**Records for this task**
- - - - - - -

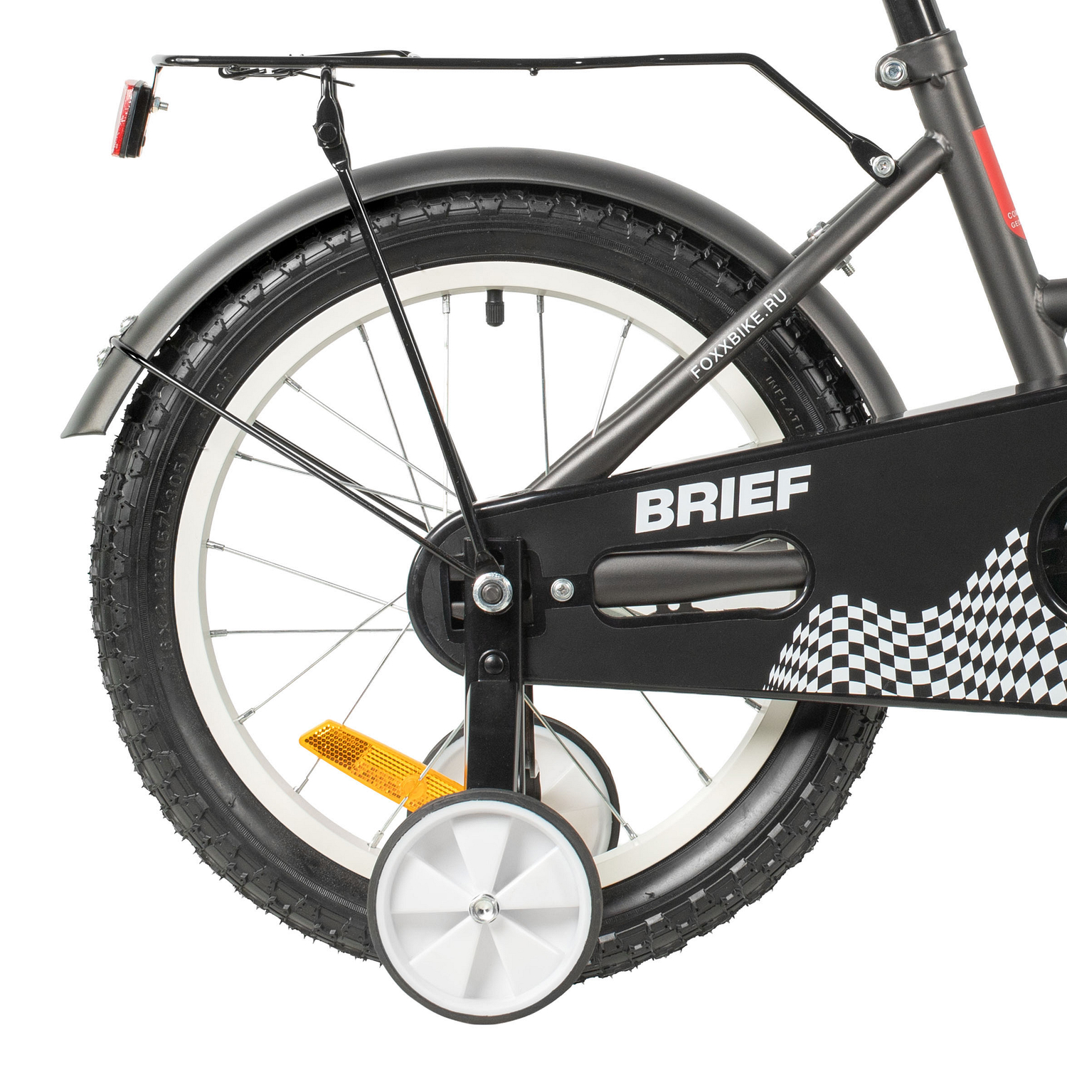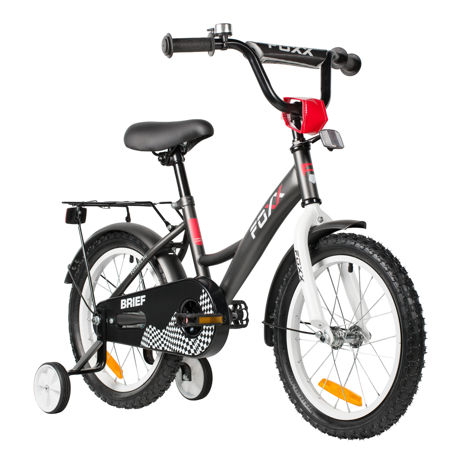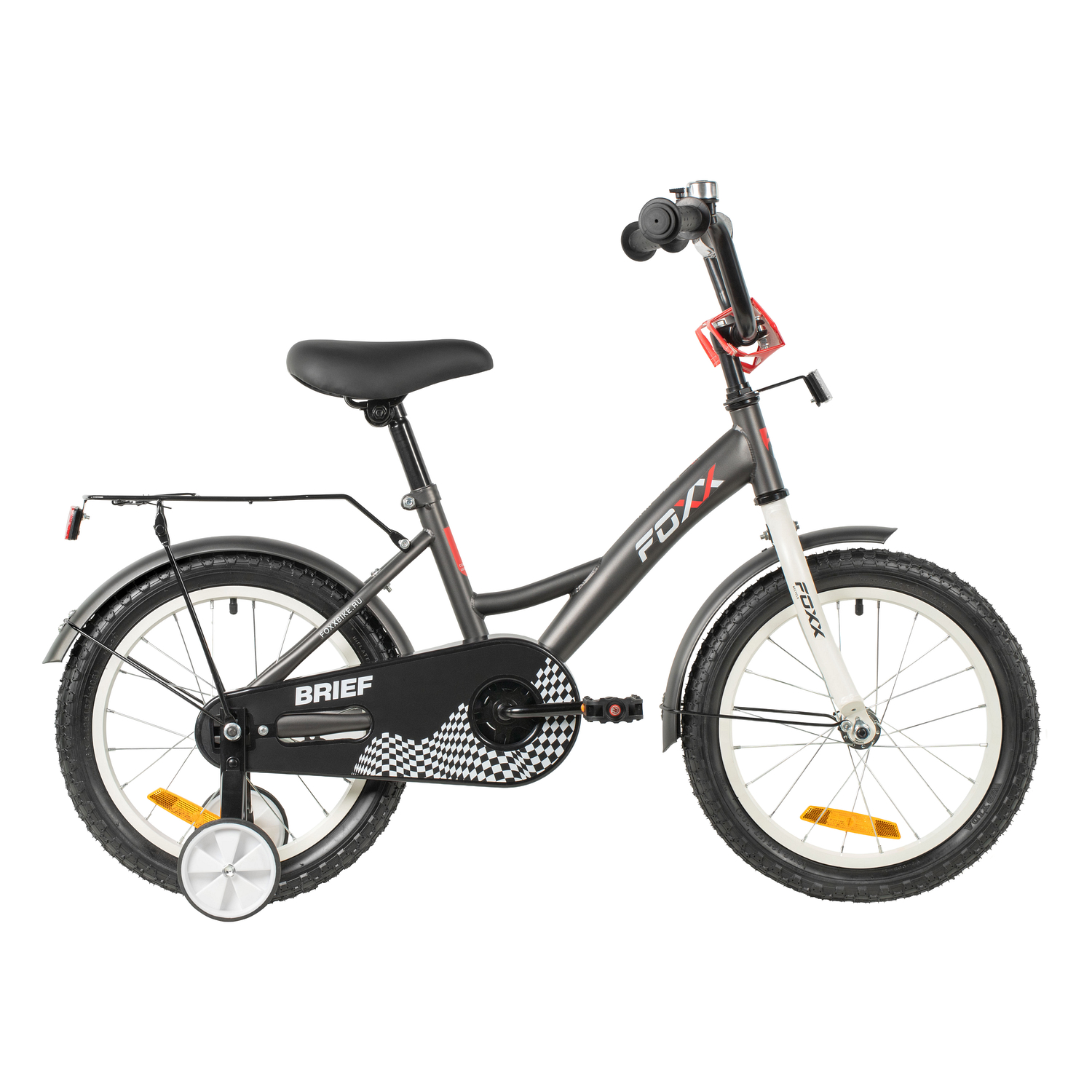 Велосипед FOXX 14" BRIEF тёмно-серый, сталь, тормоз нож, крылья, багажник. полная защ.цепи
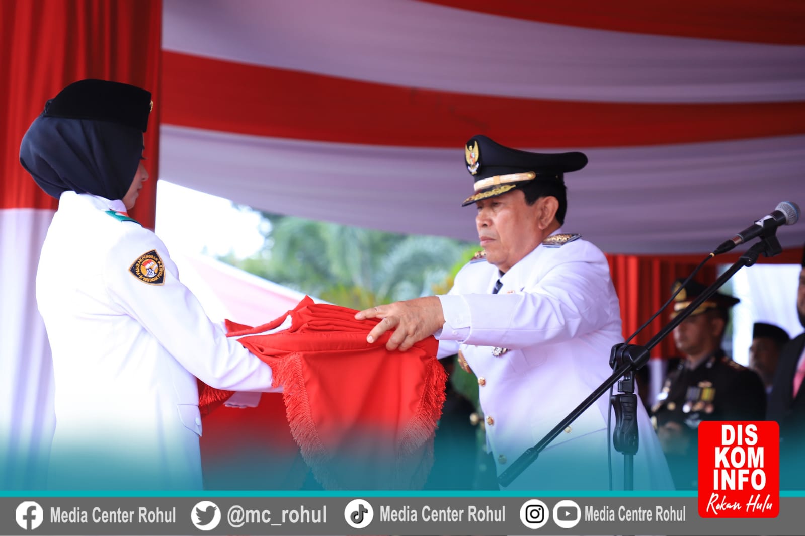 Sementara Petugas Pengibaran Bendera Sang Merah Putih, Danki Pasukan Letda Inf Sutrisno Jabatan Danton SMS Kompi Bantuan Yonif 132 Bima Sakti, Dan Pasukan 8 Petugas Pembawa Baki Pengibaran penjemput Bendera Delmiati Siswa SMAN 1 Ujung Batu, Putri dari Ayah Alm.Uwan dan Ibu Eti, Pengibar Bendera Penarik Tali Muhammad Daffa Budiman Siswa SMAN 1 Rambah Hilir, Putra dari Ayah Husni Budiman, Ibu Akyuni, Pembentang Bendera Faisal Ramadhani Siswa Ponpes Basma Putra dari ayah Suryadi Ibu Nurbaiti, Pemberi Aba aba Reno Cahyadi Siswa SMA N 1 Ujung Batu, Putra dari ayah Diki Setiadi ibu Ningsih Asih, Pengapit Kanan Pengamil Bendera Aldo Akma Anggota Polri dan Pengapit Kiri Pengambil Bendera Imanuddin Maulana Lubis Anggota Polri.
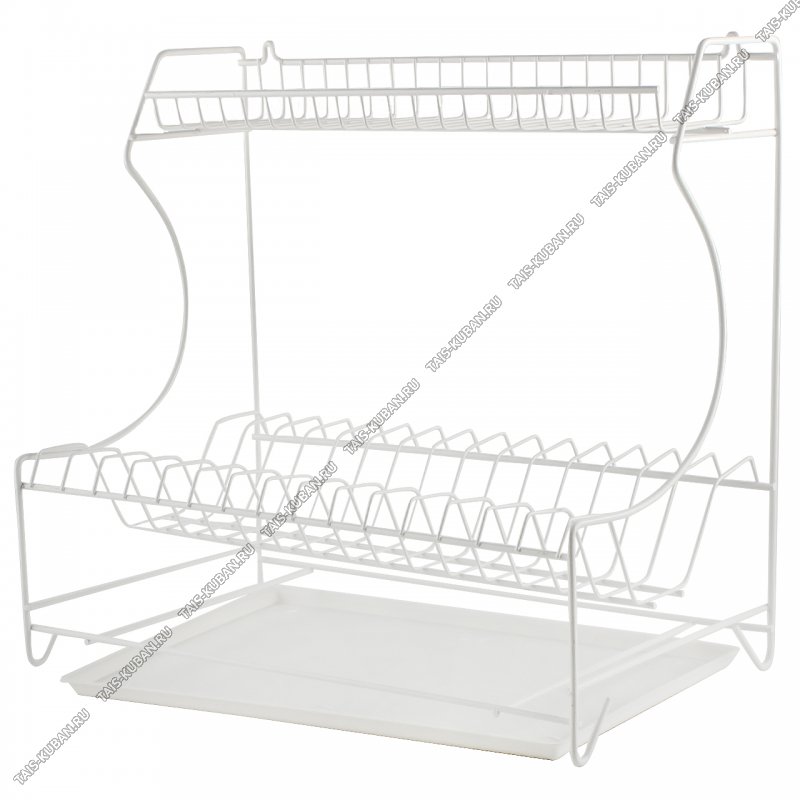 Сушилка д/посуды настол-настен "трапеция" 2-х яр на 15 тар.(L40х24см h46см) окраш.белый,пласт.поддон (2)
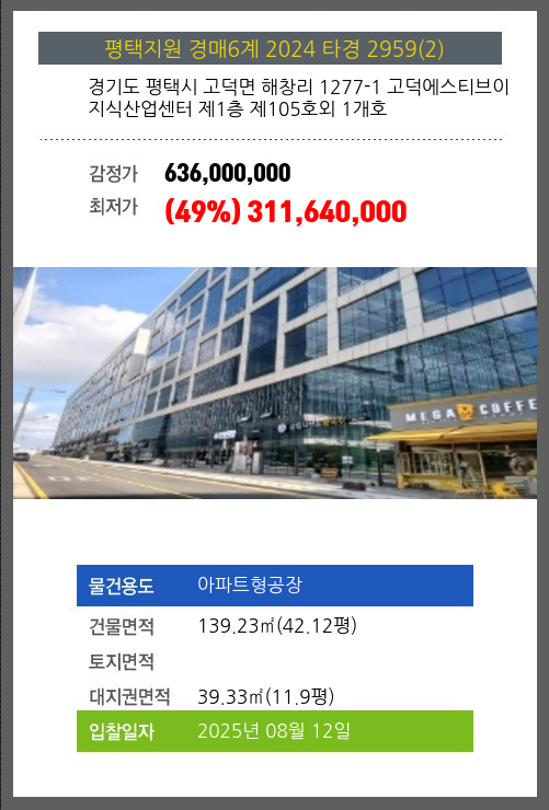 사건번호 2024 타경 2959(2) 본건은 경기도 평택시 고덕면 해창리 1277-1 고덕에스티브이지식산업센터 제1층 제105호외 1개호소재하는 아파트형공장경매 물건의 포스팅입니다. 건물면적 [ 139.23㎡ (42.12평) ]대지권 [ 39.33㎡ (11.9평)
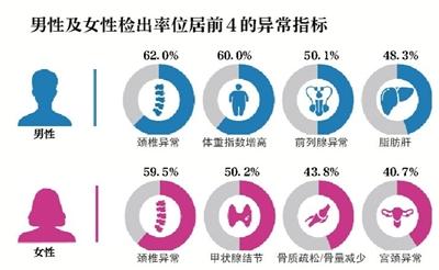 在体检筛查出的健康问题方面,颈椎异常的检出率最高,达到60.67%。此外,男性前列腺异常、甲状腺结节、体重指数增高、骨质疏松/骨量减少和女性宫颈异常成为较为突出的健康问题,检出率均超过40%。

- - - - - - -

**Prompt**
Restate the entries verbatim and exclude any pictures.

**Response**
 Велосипед FOXX 14" BRIEF тёмно-серый, сталь, тормоз нож, крылья, багажник. полная защ.цепи
 Sementara Petugas Pengibaran Bendera Sang Merah Putih, Danki Pasukan Letda Inf Sutrisno Jabatan Danton SMS Kompi Bantuan Yonif 132 Bima Sakti, Dan Pasukan 8 Petugas Pembawa Baki Pengibaran penjemput Bendera Delmiati Siswa SMAN 1 Ujung Batu, Putri dari Ayah Alm.Uwan dan Ibu Eti, Pengibar Bendera Penarik Tali Muhammad Daffa Budiman Siswa SMAN 1 Rambah Hilir, Putra dari Ayah Husni Budiman, Ibu Akyuni, Pembentang Bendera Faisal Ramadhani Siswa Ponpes Basma Putra dari ayah Suryadi Ibu Nurbaiti, Pemberi Aba aba Reno Cahyadi Siswa SMA N 1 Ujung Batu, Putra dari ayah Diki Setiadi ibu Ningsih Asih, Pengapit Kanan Pengamil Bendera Aldo Akma Anggota Polri dan Pengapit Kiri Pengambil Bendera Imanuddin Maulana Lubis Anggota Polri.
 Сушилка д/посуды настол-настен "трапеция" 2-х яр на 15 тар.(L40х24см h46см) окраш.белый,пласт.поддон (2)
 사건번호 2024 타경 2959(2) 본건은 경기도 평택시 고덕면 해창리 1277-1 고덕에스티브이지식산업센터 제1층 제105호외 1개호소재하는 아파트형공장경매 물건의 포스팅입니다. 건물면적 [ 139.23㎡ (42.12평) ]대지권 [ 39.33㎡ (11.9평)
 在体检筛查出的健康问题方面,颈椎异常的检出率最高,达到60.67%。此外,男性前列腺异常、甲状腺结节、体重指数增高、骨质疏松/骨量减少和女性宫颈异常成为较为突出的健康问题,检出率均超过40%。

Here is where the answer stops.